- [RECORDS PROVIDED]
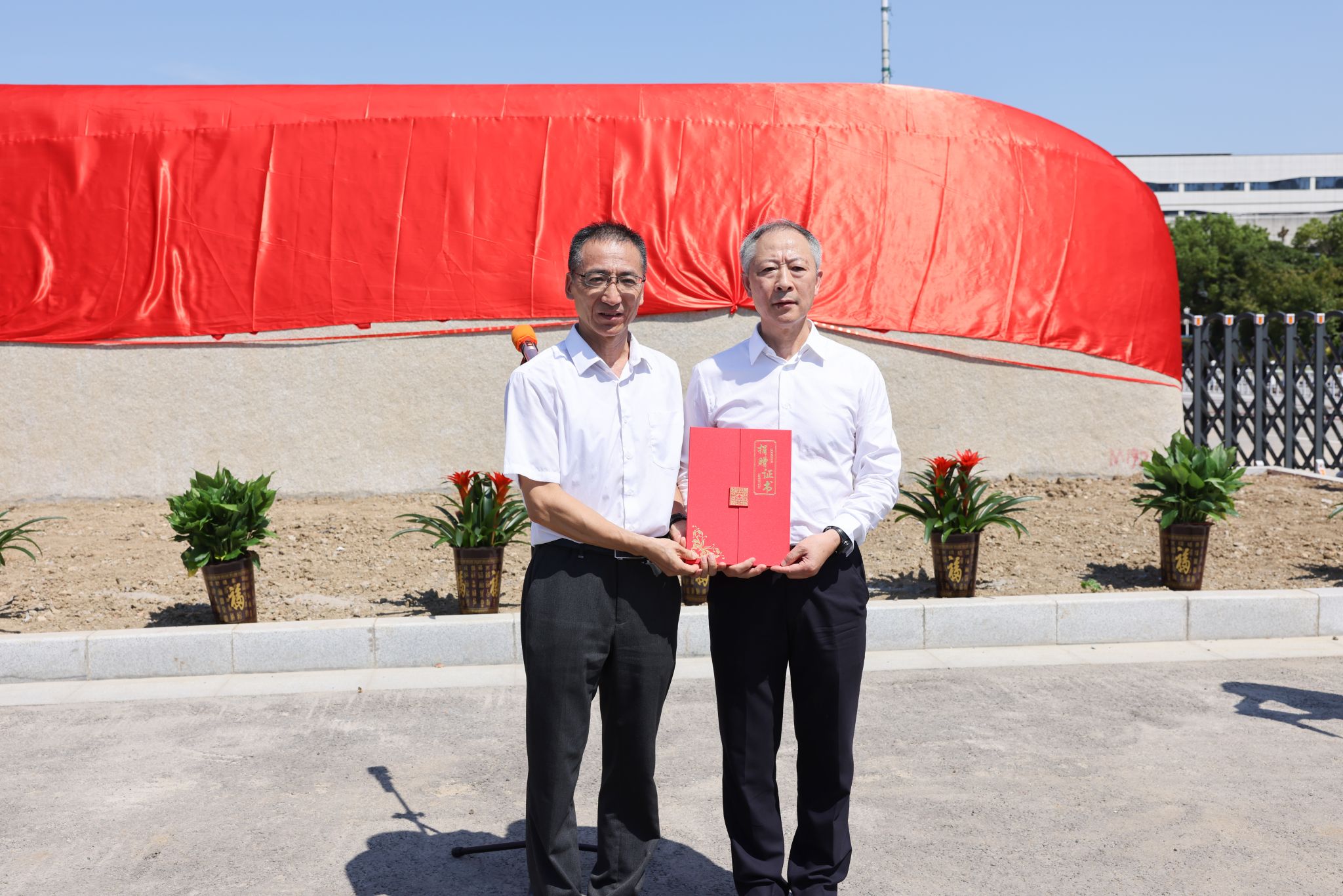 简短致辞后,校企双方代表共同为南大门落成剪彩。龚方红宣布南大门正式落成启用,并为沈剑标颁发捐赠证书。
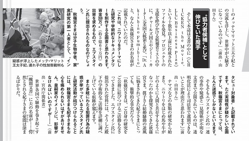 女性自身はなぜここまでセンセーショナルなタイトルを付けるんでしょうか。いかにもエプスタインと秋篠宮殿下が接触があり紀子さまが愕然とした、ビックリ驚愕したようなタイトルです。記事の中身をじっくり読めば上記に抜粋したように、秋篠宮殿下にとっては迷惑としかいえない、で締めているのですが、それならワザワザ記事にする必要ないでしょうに。
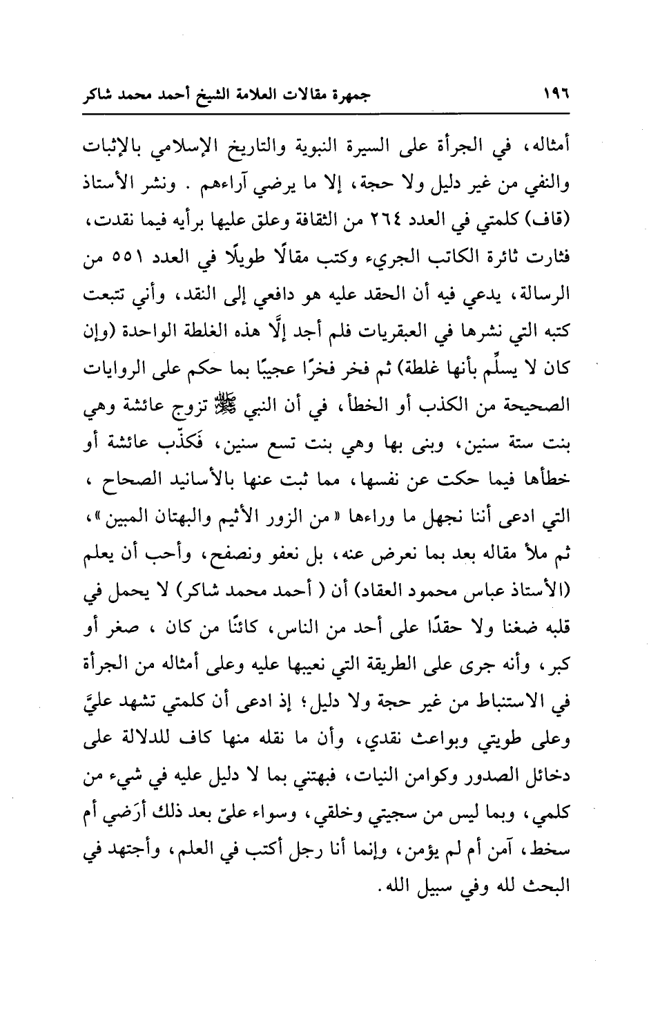 أمثاله، في الجرأة على السيرة النبوية والتاريخ الإسلامي بالإثبات والنفي من غير دليل ولا حجة، إلا ما يرضي آراءهم. ونشر الأستاذ (قاف) كلمتي في العدد 264 من الثقافة وعلق عليها برأيه فيما نقدت، فثارت ثائرة الكاتب الجريء وكتب مقالًا طويلًا في العدد 551 من الرسالة، يدعي فيه أن الحقد عليه هو دافعي إلى النقد، وأني تتبعت كتبه التي نشرها في العبقريات فلم أجد إلَّا هذه الغلطة الواحدة (وإن كان لا يسلِّم بأنها غلطة) ثم فخر فخرًا عجيبًا بما حكم على الروايات الصحيحة من الكذب أو الخطأ، في أن النبي - صلى الله عليه وسلم - تزوج عائشة وهي بنت ستة سنين، وبنى بها وهي بنت تسع سنين، فَكذّب عائشة أو خطأها فيما حكت عن نفسها، مما ثبت عنها بالأسانيد الصحاح، التي ادعى أننا نجهل ما وراءها "من الزور الأثيم والبهتان المبين"، ثم ملأ مقاله بعد بما نعرض عنه، بل نعفو ونصفح، وأحب أن يعلم (الأستاذ عباس محمود العقاد) أن (أحمد محمد شاكر) لا يحمل في قلبه ضغنا ولا حقدًا على أحد من الناس، كائنًا من كان، صغر أو كبر، وأنه جرى على الطريقة التي نعيبها عليه وعلى أمثاله من الجرأة في الاستنباط من غير حجة ولا دليل؛ إذ ادعى أن كلمتي تشهد عليَّ وعلى طويتي وبواعث نقدي، وأن ما نقله منها كاف للدلالة على دخائل الصدور وكوامن النيات، فبهتني بما لا دليل عليه في شيء من كلمي، وبما ليس من سجيتي وخلقي، وسواء عليَّ بعد ذلك أرَضي أم سخط، آمن أم لم يؤمن، وإنما أنا رجل أكتب في العلم، وأجتهد في البحث لله وفي سبيل الله.
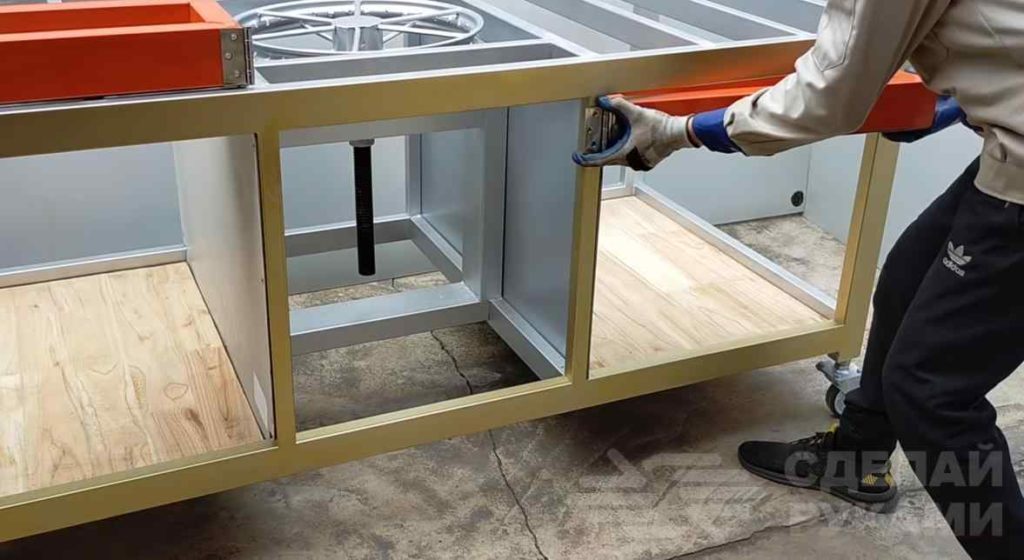 На последнем этапе останется только изготовить и установить ящики, а также закрепить с помощью заклепок столешницу.
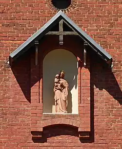 Das Eingangsportal befindet sich auf der Ostseite, über ihm zeigt eine Statue Maria mit dem Jesuskind. Das Kirchenschiff wird im Inneren von einer flachen Decke überspannt. Die Fenster des Schiffs sind als große Rundbogenfenster ausgeführt. Die nach innen halbrund ausgeführten Fenster der Apsis sind jetzt vermauert.
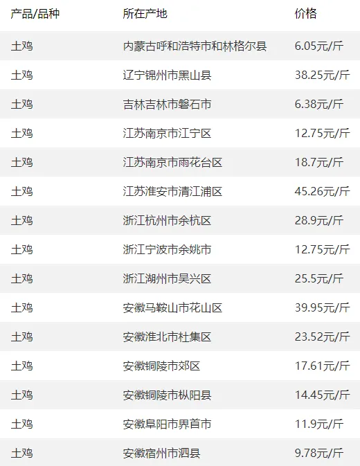 肉鸡、土鸡、鸡苗、鸡蛋等今日报价
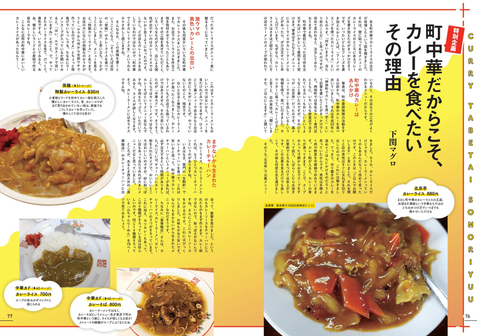 町中華探検隊メンバーによる、個性豊かなコラムも充実。天津丼やカレーといった、「町中華」ならではのメニューを掘り下げるほか、名店を語る座談会も掲載しています。
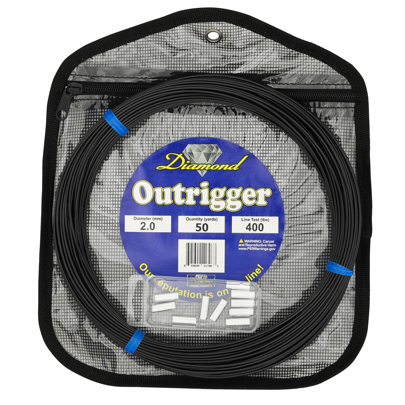 Diamond Outrigger Rigging Kits are available with either 50 or 100 yards of high quality UV resistant 400 pound test monofilament line in your choice of five colors, enough to rig any length pair of outriggers. All kits come complete with a box of the proper size sleeves and are packaged in a re-usable lure bag. This high quality line holds up to the tough standards that have made Momoi line the choice of the world’s finest fishermen and women.
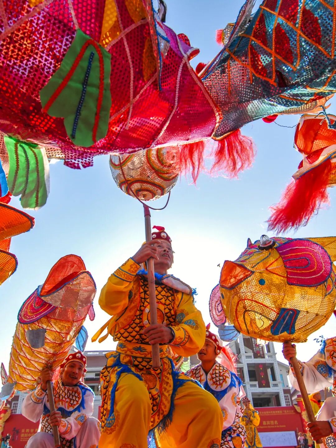 九鲤灯舞是一种传统民俗舞蹈。在莆仙的民俗艺术中,九鲤灯舞可称莆仙戏近亲,均被誉为“南戏活化石”遗存,被列为国家级非物质文化遗产代表性项目名录。(摄影/蔡昊)
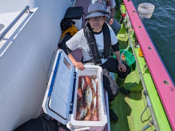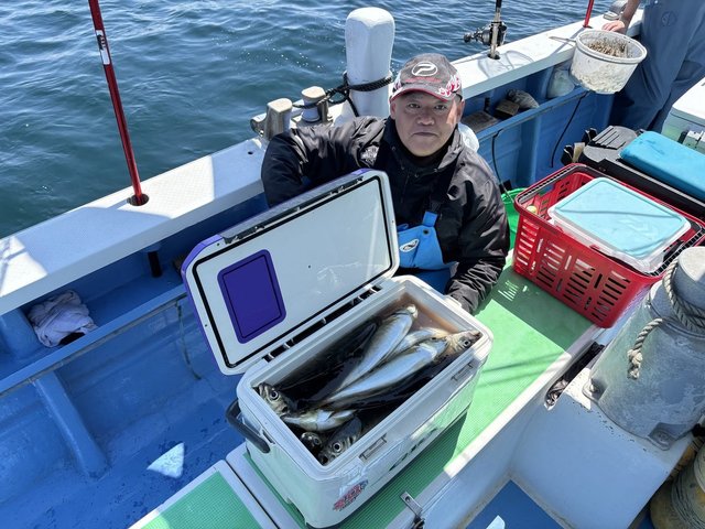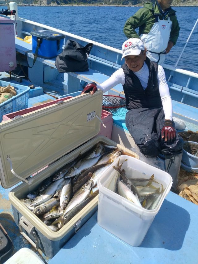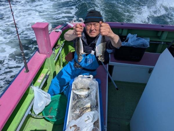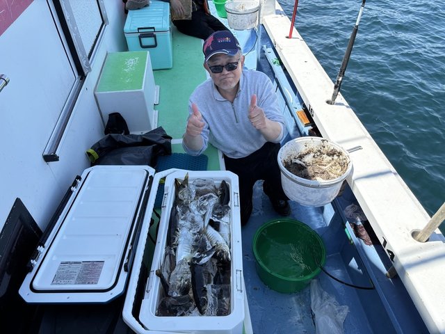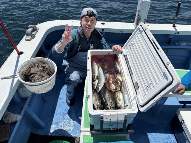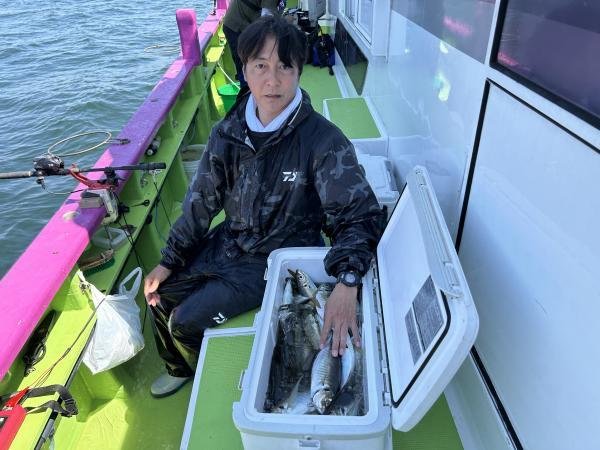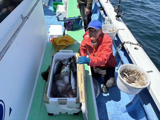 (マアジ)27~35cm 15~25匹 マダイ 1.50~5.00kg 0~3匹 マダイは良い型でした。外道にクロダイ、イサキが混じりました。アジは大中混じりポツポツ釣れ皆さんお土産になりました。今日も有り難う御座いました。

- [WORK ORDER] Retype the entries above word for word, minus any images.

- [RESPONSE AREA]
 简短致辞后,校企双方代表共同为南大门落成剪彩。龚方红宣布南大门正式落成启用,并为沈剑标颁发捐赠证书。
 女性自身はなぜここまでセンセーショナルなタイトルを付けるんでしょうか。いかにもエプスタインと秋篠宮殿下が接触があり紀子さまが愕然とした、ビックリ驚愕したようなタイトルです。記事の中身をじっくり読めば上記に抜粋したように、秋篠宮殿下にとっては迷惑としかいえない、で締めているのですが、それならワザワザ記事にする必要ないでしょうに。
 أمثاله، في الجرأة على السيرة النبوية والتاريخ الإسلامي بالإثبات والنفي من غير دليل ولا حجة، إلا ما يرضي آراءهم. ونشر الأستاذ (قاف) كلمتي في العدد 264 من الثقافة وعلق عليها برأيه فيما نقدت، فثارت ثائرة الكاتب الجريء وكتب مقالًا طويلًا في العدد 551 من الرسالة، يدعي فيه أن الحقد عليه هو دافعي إلى النقد، وأني تتبعت كتبه التي نشرها في العبقريات فلم أجد إلَّا هذه الغلطة الواحدة (وإن كان لا يسلِّم بأنها غلطة) ثم فخر فخرًا عجيبًا بما حكم على الروايات الصحيحة من الكذب أو الخطأ، في أن النبي - صلى الله عليه وسلم - تزوج عائشة وهي بنت ستة سنين، وبنى بها وهي بنت تسع سنين، فَكذّب عائشة أو خطأها فيما حكت عن نفسها، مما ثبت عنها بالأسانيد الصحاح، التي ادعى أننا نجهل ما وراءها "من الزور الأثيم والبهتان المبين"، ثم ملأ مقاله بعد بما نعرض عنه، بل نعفو ونصفح، وأحب أن يعلم (الأستاذ عباس محمود العقاد) أن (أحمد محمد شاكر) لا يحمل في قلبه ضغنا ولا حقدًا على أحد من الناس، كائنًا من كان، صغر أو كبر، وأنه جرى على الطريقة التي نعيبها عليه وعلى أمثاله من الجرأة في الاستنباط من غير حجة ولا دليل؛ إذ ادعى أن كلمتي تشهد عليَّ وعلى طويتي وبواعث نقدي، وأن ما نقله منها كاف للدلالة على دخائل الصدور وكوامن النيات، فبهتني بما لا دليل عليه في شيء من كلمي، وبما ليس من سجيتي وخلقي، وسواء عليَّ بعد ذلك أرَضي أم سخط، آمن أم لم يؤمن، وإنما أنا رجل أكتب في العلم، وأجتهد في البحث لله وفي سبيل الله.
 На последнем этапе останется только изготовить и установить ящики, а также закрепить с помощью заклепок столешницу.
 Das Eingangsportal befindet sich auf der Ostseite, über ihm zeigt eine Statue Maria mit dem Jesuskind. Das Kirchenschiff wird im Inneren von einer flachen Decke überspannt. Die Fenster des Schiffs sind als große Rundbogenfenster ausgeführt. Die nach innen halbrund ausgeführten Fenster der Apsis sind jetzt vermauert.
 肉鸡、土鸡、鸡苗、鸡蛋等今日报价
 町中華探検隊メンバーによる、個性豊かなコラムも充実。天津丼やカレーといった、「町中華」ならではのメニューを掘り下げるほか、名店を語る座談会も掲載しています。
 Diamond Outrigger Rigging Kits are available with either 50 or 100 yards of high quality UV resistant 400 pound test monofilament line in your choice of five colors, enough to rig any length pair of outriggers. All kits come complete with a box of the proper size sleeves and are packaged in a re-usable lure bag. This high quality line holds up to the tough standards that have made Momoi line the choice of the world’s finest fishermen and women.
 九鲤灯舞是一种传统民俗舞蹈。在莆仙的民俗艺术中,九鲤灯舞可称莆仙戏近亲,均被誉为“南戏活化石”遗存,被列为国家级非物质文化遗产代表性项目名录。(摄影/蔡昊)
 (マアジ)27~35cm 15~25匹 マダイ 1.50~5.00kg 0~3匹 マダイは良い型でした。外道にクロダイ、イサキが混じりました。アジは大中混じりポツポツ釣れ皆さんお土産になりました。今日も有り難う御座いました。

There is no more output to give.